Creating a list of duplicate filenames with Perl
I'm trying to write a script to preprocess some long lists of files, but I'm not sure (nor competent) with Perl yet and am not getting the results I want.
Below is the script but I am stuck with checking for duplicates and would be grateful if someone could tell me where I am going wrong. The block dealing with duplicates appears to have the same shape as the examples I found, but it doesn't work.
#!/usr/bin/perl
use strict;
use warnings;
open my $fh, '<', $ARGV[0] or die "can't open: $!";
foreach my $line (<$fh>) {
# Trim list to remove directories which do not need to be checked
next if $line =~ m/Inventory/;
# MORE TO DO
next if $line =~ m/Scanned photos/;
$line =~ s/\n//; # just for a tidy list when testing
my @split = split(/\/([^\/]+)$/, $line); # separate filename from rest of path
foreach (@split) {
push (my @filenames, "$_");
# print "@filenames\n"; # check content of array
my %dupes;
foreach my $item (@filenames) {
next unless $dupes{$item}++;
print "$item\n";
}
}
}
I am trying to figure out what is wrong with my check for duplicates. I know the array contains duplicates (uncommenting the first print function gives me a list with a lot of duplicates). The code as it stands does not generate anything.
Not the main purpose of my post, but my ultimate goal is to remove unique filenames from the list and keep filenames that are duplicated in other directories. I know none of these files are identical, but there are many different versions of the same file, so I am focusing on the filename.
For example, I need an input:
~ / Pictures / 2010 / 12345678.jpg ~ / Pictures / 2010 / 12341234.jpg ~ / Desktop / temperature / 12345678.jpg
to get the output:
~ / Pictures / 2010 / 12345678.jpg ~ / Desktop / temperature / 12345678.jpg
So, I suppose it would ideally be a good idea to check the uniqueness of a match based on a regex without splitting, if possible.
source to share
This loop below does nothing as the hash and array only contain one value for each iteration of the loop:
foreach (@split) {
push (my @filenames, "$_"); # add one element to lexical array
my %dupes;
foreach my $item (@filenames) { # loop one time
next unless $dupes{$item}++; # add one key to lexical hash
print "$item\n";
}
} # @filenames and %dupes goes out of scope
A lexical variable (declared with my
) has a scope that extends to the surrounding block { ... }
, in this case your loop foreach
. When they go out of scope, they are reset and all data is lost.
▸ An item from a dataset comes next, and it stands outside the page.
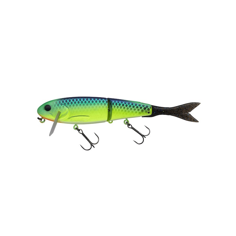 Le Blast Bone 190 SF revisite le légendaire Flat Bone Clicker. Ce «Jointed Big Bait» de premier choix en reprend les spécificités (leurre flottant équipé d'une bavette inclinée de manière à le faire évoluer juste sous la surface à la récupération, corps à flancs plats segmenté en deux parties dont le mouvement va créer le cliquetis si caractéristique de l'ancienne version) à l'exception d'une queue en élastomère de type poisson. Cette nouvelle forme de queue autorise un déplacement d'eau plus important sur les récupérations en linéaire et sera nettement plus réactive sur les phases de pause lorsqu'il s'agira de décider des carnassiers récalcitrants grâce à des animations fines exercées par des tremblements de la ligne. Le Blast Bone a la faculté de réaliser facilement un «Walking the Dog» sans trop s'éloigner de sa position initiale le pré destinant à l'origine à des pêches de postes marqués (aux abords des cavités de berges et dans les couloirs d'herbiers, les zones de couverts, les bois immergés, les enrochements et tout autre type de structure). Du fait de son fort 'Rolling' et sa capacité à déplacer un gros volume d'eau sur les récupérations linéaires continues, les pêcheurs européens de brochet et de black-bass spécimens s'approprieront rapidement ce leurre pour toutes les pêches de prospection quelle que soit la taille du milieu. Nous vous conseillons l'ajout d'un lest de type de 'John Weight' afin de modifier sa densité, pour le rendre au choix 'Suspending', coulant lent ou coulant plus rapide permettant de rendre le Blast Bone toujours plus polyvalent. Laissez-vous séduire par cette bombe à retardement !
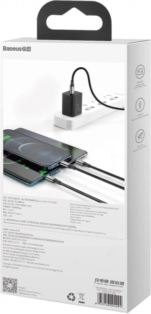 Kabel Baseus vám pomůže efektivně nabíjet zařízení jako iPhone, Android smartphony a další, vše najednou, což ušetří čas. Opletený nylonový plášť zajišťuje odolnost vůči ohýbání, poškrábání a přerušení. Navíc má speciální suchý zip pro snadné skladování bez zamotání.

I don't know why you are copying the filenames from @split
to @filenames
, it seems very redundant. By deduplication, this would be:
my %seen;
my @uniq;
@uniq = grep !$seen{$_}++, @split;
Additional Information:
You may also be interested in using File::Basename
to get the filename:
use File::Basename;
my $fullpath = "~/Pictures/2010/12345678.jpg";
my $name = basename($fullpath); # 12345678.jpg
Your replacement
$line =~ s/\n//;
Probably,
chomp($line);
When you read from a file descriptor, using for
( foreach
) means that you are reading all lines and storing them in memory. In most cases it is preferable to use while
, for example:
while (my $line = <$fh>)
source to share
TLP's answer provides a lot of good advice. Besides:
Why use both an array and a hash to store filenames? Just use the hash as one storage and you will automatically remove duplicates. i.e:
my %filenames; #outside of the loops
...
foreach (@split) {
$filenames{$_}++;
}
Now, when you want to get a list of unique file names, just use keys %filenames
, or if you want them in alphabetical order sort keys %filenames
. And the value for each hash key is the number of occurrences, so you can find out which ones were duplicated if you don't care.